To install `nglview` run:

We will use `ipywidgets` to create an interactive GUI in the notebook. That way, we can click in the different ligands and the viewer will be refreshed accordingly. In particular, we want our little GUI to:

- Show the list of poses and their affinities, as reported in the Vina output
- Show the protein structure with a ribbon representation, the ligand with ball and stick, and the surrounding residues with licorice (stick-only)
- The 3D visualization should respond to the user selecting a different pose in the list.

So, this means that we need to:

1. Invoke the NGL viewer with the adequate representations
2. Build an interactive table of results (hint: use `ipywidgets.Select`)
3. Write an event handler that can communicate with the NGL Viewer: when the user clicks on a new entry, update the ligand in display, along with the surrounding residues. The ribbon should not need to be updated.

In [35]:
import pandas as pd
import time
import nglview as nv
from ipywidgets import AppLayout, Layout, Select

The PDBQT file created by Vina contain several models, but `nglview` will only parse the first one. The workaround is simple: divide the file into individual models by splitting whenever an `ENDMDL` line is found.

In [None]:
def split_pdbqt(path):
    """
    Split a multimodel PDBQT into separate files.
    """
    files = []
    with open(path) as f:
        lines = []
        i = 0
        for line in f:
            lines.append(line)
            if line.strip() == 'ENDMDL':
                fn = f'data/results.{i}.pdbqt'
                with open(fn, 'w') as o:
                    o.write(''.join(lines))
                files.append(fn)
                i += 1
                lines = []
    return files

The Vina output is a simple text file that contains the table of results. Parsing that table is relatively straightforward. We return a Pandas DataFrame for a simple visualization, if needed.

In [None]:
def parse_output(out):
    """
    Create a DataFrame out of the Vina output file
    """
    with open(out) as f:
        data = []
        for line in f:
            if line.startswith('-----+'):
                line = next(f)
                while line.split()[0].isdigit():
                    index, *floats = line.split()
                    data.append([int(index)] + list(map(float, floats)))
                    line = next(f)
    return pd.DataFrame.from_records(data, 
                                     columns=['Mode', 'Affinity (kcal/mol)', 'RMSD (l.b.)', 'RMSD (u.b.)'], 
                                     exclude=['Mode'])

Here we create the NGL viewer instance. Instead of creating a new one for each protein-pose pair, we will reuse the same canvas all over, hiding or showing the needed ligands. We will load everything first, while also labeling the ligands with their respective affinity.

In [1]:
def create_viewer(protein, ligands, affinities):
    """
    Create a nglview widget with the protein and all the ligands labeled by affinities
    """
    v = nv.show_file(protein)
    label_kwargs = dict(labelType="text", sele="@0", showBackground=True, backgroundColor="black")
    for ligand, affinity in zip(ligands, affinities):
        c = v.add_component(ligand)
        c.add_label(labelText=[str(affinity)], **label_kwargs)
    return v

In this cell below we will build the actual GUI!

It will be composed of two widgets arranged horizontally using the `AppLayout` layour.

- The selector (`ipywidgets.Select`)
- The NGL viewer

When the user clicks on a new entry in the selector, `_on_selection_change` will be called, which will:

1. Check if the new value is any different from the previous one.

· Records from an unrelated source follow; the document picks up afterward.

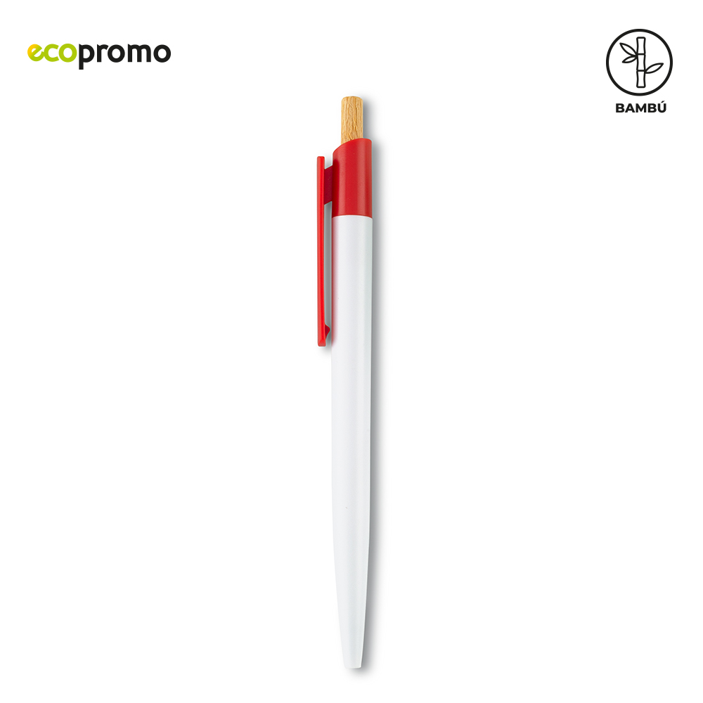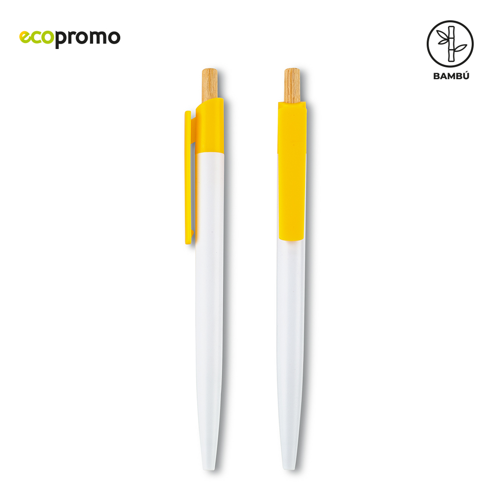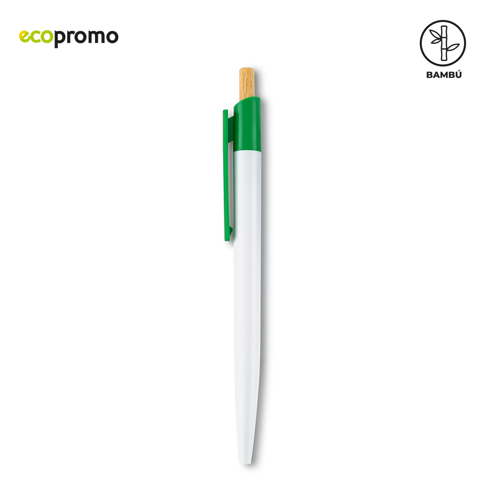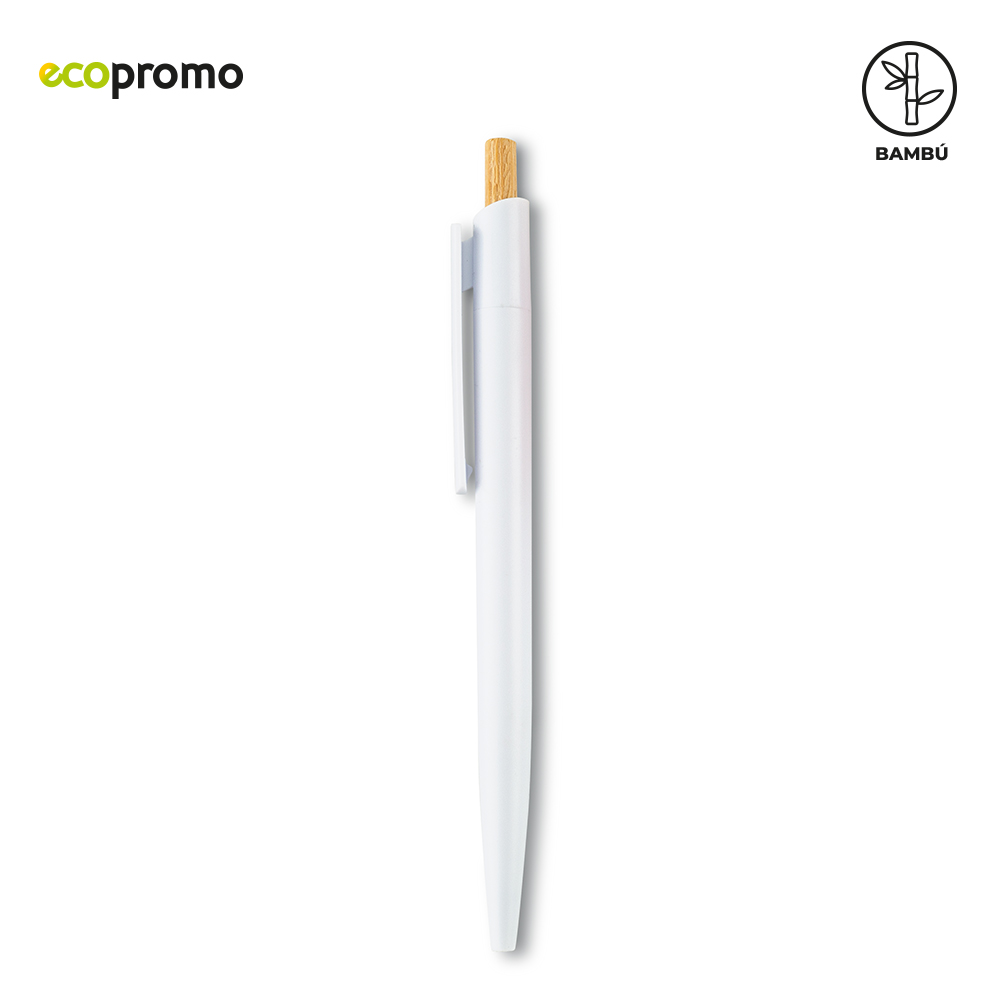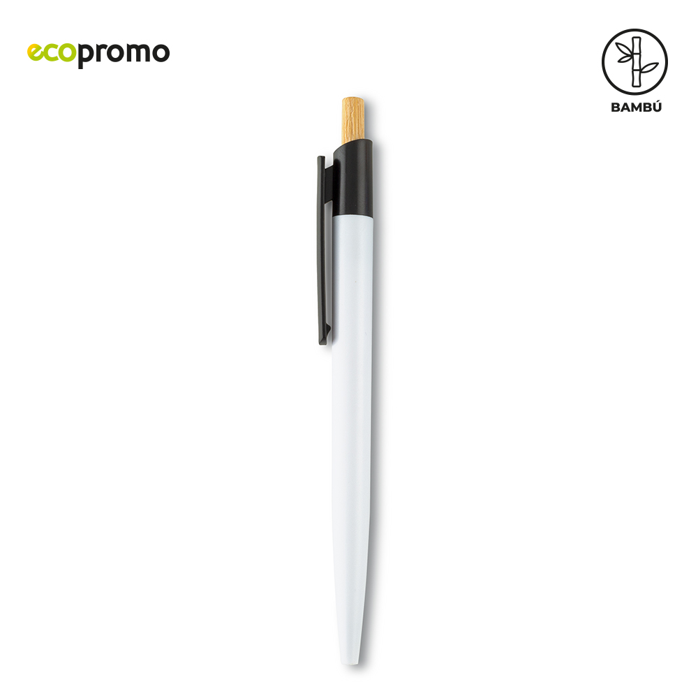 Bolígrafo plástico con mecanismo push y partes en bambú.
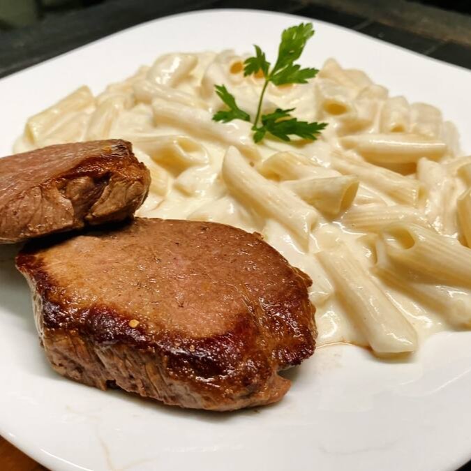 Um clássico elegante e cheio de sabor , acompanha uma deliciosa massa penne ao Molho branco com parmesão.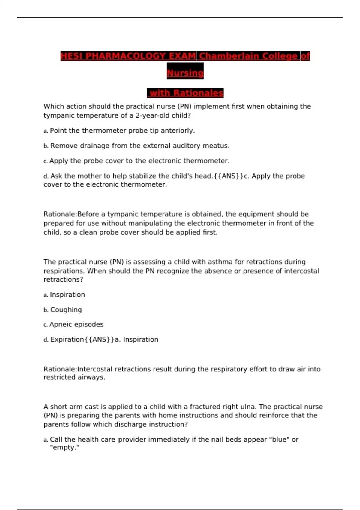 HESI PHARMACOLOGY EXAM Chamberlain College of Nursing with Rationales Which action should the practical nurse (PN) implement first when obtaining the tympanic temperature of a 2-year-old child? a. Point the thermometer probe tip anteriorly. b. Remove drainage from the external auditory meatus. c. Apply the probe cover to the electronic thermometer. d. Ask the mother to help stabilize the child's head.{{ANS}}c. Apply the probe cover to the electronic thermometer. Rationale:Before a tympanic temperature is obtained, the equipment should be prepared for use without manipulating the electronic thermometer in front of the child, so a clean probe cover should be applied first. The practical nurse (PN) is assessing a child with asthma for retractions during respirations. When should the PN recognize the absence or presence of intercostal retractions? a. Inspiration b. Coughing c. Apneic episodes d. Expiration{{ANS}}a. Inspiration Rationale:Intercostal retractions result during the respiratory effort to draw air into restricted airways. A short arm cast is applied to a child with a fractured right ulna. The practical nurse (PN) is preparing the parents with home instructions and should reinforce that the parents follow which discharge instruction? a. Call the health care provider immediately if the nail beds appear "blue" or "empty." b. Check the child's ability to move his fingers without pain hourly for the first 48 hours. c. Elevate the arm above the heart for the first 24 hours. d. Monitor temperature every 4 hours for the next 2 days and call if an elevation is noted.{{ANS}}a. Call the health care provider immediately if the nail beds appear "blue" or "empty." Rationale:Cyanosis indicates impaired circulation to the fingers and should be reported immediately. A 2-year-old child who is hospitalized with an acute upper respiratory infection (URI) is crying uncontrollably because her mother went to the cafeteria for lunch. Which action should the practical nurse implement? a. Distract the child with a favorite toy. b. Tell the child that her mother will return. c. Take the child to the cafeteria. d. Calm the child with a dietary treat.{{ANS}}a. Distract the child with a favorite toy. Rationale:The best action is to refocus the child's attention by distracting with a favorite toy. The health care provider prescribes amoxicillin 60 mg PO three times a day for a child who weighs 13 pounds. The pediatric dosage range is 20 to 40 mg/kg/day in three equal doses. What is the maximum dosage in 24 hours that should be given? (Fill in the blank.){{ANS}}236 mg Rationale:First, convert the pounds to kg because the conversion is for kg.1 kg = 2.2 lb13 lb/(2.2 lb/kg) = 5.9 kgSecond, determine the maximum dose the child can have in 24 hours: 40 mg × 5.9 kg = 236 mg. The maximum dose the child can have is 236 mg. A child with poison ivy weighs 25 kg and receives a prescription for diphenhydramine PO 5 mg/kg. The medication is available as a 125 mg/5 mL solution. How many milliliters should the practical nurse administer? (Fill in the blank.){{ANS}}5 ml Rationale:First determine how much of the drug the child should get.The order is 5 mg/kg. Multiply 5 mg by the child's weight. 5 mg × 25 kg = 125 mg.The child would get 125 mg.Next, determine how many milliliters to administer using the following

If that's the case, then:
2. Hide all ligands (simpler way to hide the previous one; no need to check individually)
3. Show the new one and center the camera on it with a cool 500ms animation
4. Execute some JavaScript on the canvas to update the list of sidechains within 5A of the new pose center of mass.

In [107]:
# JavaScript code needed to update residues around the ligand
# because this part is not exposed in the Python widget
# Based on: http://nglviewer.org/ngl/api/manual/snippets.html
_RESIDUES_AROUND = """
var protein = this.stage.compList[0];
var ligand_center = this.stage.compList[{index}].structure.atomCenter();
var around = protein.structure.getAtomSetWithinPoint(ligand_center, {radius});
var around_complete = protein.structure.getAtomSetWithinGroup(around);
var last_repr = protein.reprList[protein.reprList.length-1];
protein.removeRepresentation(last_repr);
protein.addRepresentation("licorice", {{sele: around_complete.toSeleString()}});
"""

def show_docking(protein, ligands, vina_output):
    # Split the multi PDBQT ligand file into separate files
    ligands_files = split_pdbqt(ligands)
    # Retrieve affinities
    affinities = parse_output(vina_output)['Affinity (kcal/mol)']
    
    # This is the event handler - action taken when the user clicks on the select box
    def _on_selection_change(change):
        if change['name'] == 'value' and (change['new'] != change['old']):
            v.hide(list(range(1,len(ligands_files) + 1)))  # Hide all ligands
            component = getattr(v, f"component_{change['new']}")
            component.show()  # Display the selected one
            component.center(500)  # Zoom view
            # Show sidechains around ligand
            v._execute_js_code(_RESIDUES_AROUND.format(index=change['new'], radius=5))
                                
    # Create viewer widget
    v = create_viewer(protein, ligands_files, affinities)
    
    # Create selection widget
    selector = Select(options=[(f"#{i} {aff} kcal/mol", i) for (i, aff) in enumerate(affinities, 1)],
                      description="",  rows=len(ligands_files), layout=Layout(width="auto"))
                 
    # Arrange GUI elements
    display(AppLayout(left_sidebar=selector, center=v, pane_widths=[1, 6, 1]))
    
    # This is the event handler - action taken when the user clicks on the select box
    def _on_selection_change(change):
        if change['name'] == 'value' and (change['new'] != change['old']):
            v.hide(list(range(1,len(ligands_files) + 1)))  # Hide all ligands
            component = getattr(v, f"component_{change['new']}")
            component.show()  # Display the selected one
            component.center(500)  # Zoom view with a 500ms animation
            # Show sidechains around ligand
            v._execute_js_code(_RESIDUES_AROUND.format(index=change['new'], radius=5))
    
    # Trigger event manually
    selector.observe(_on_selection_change)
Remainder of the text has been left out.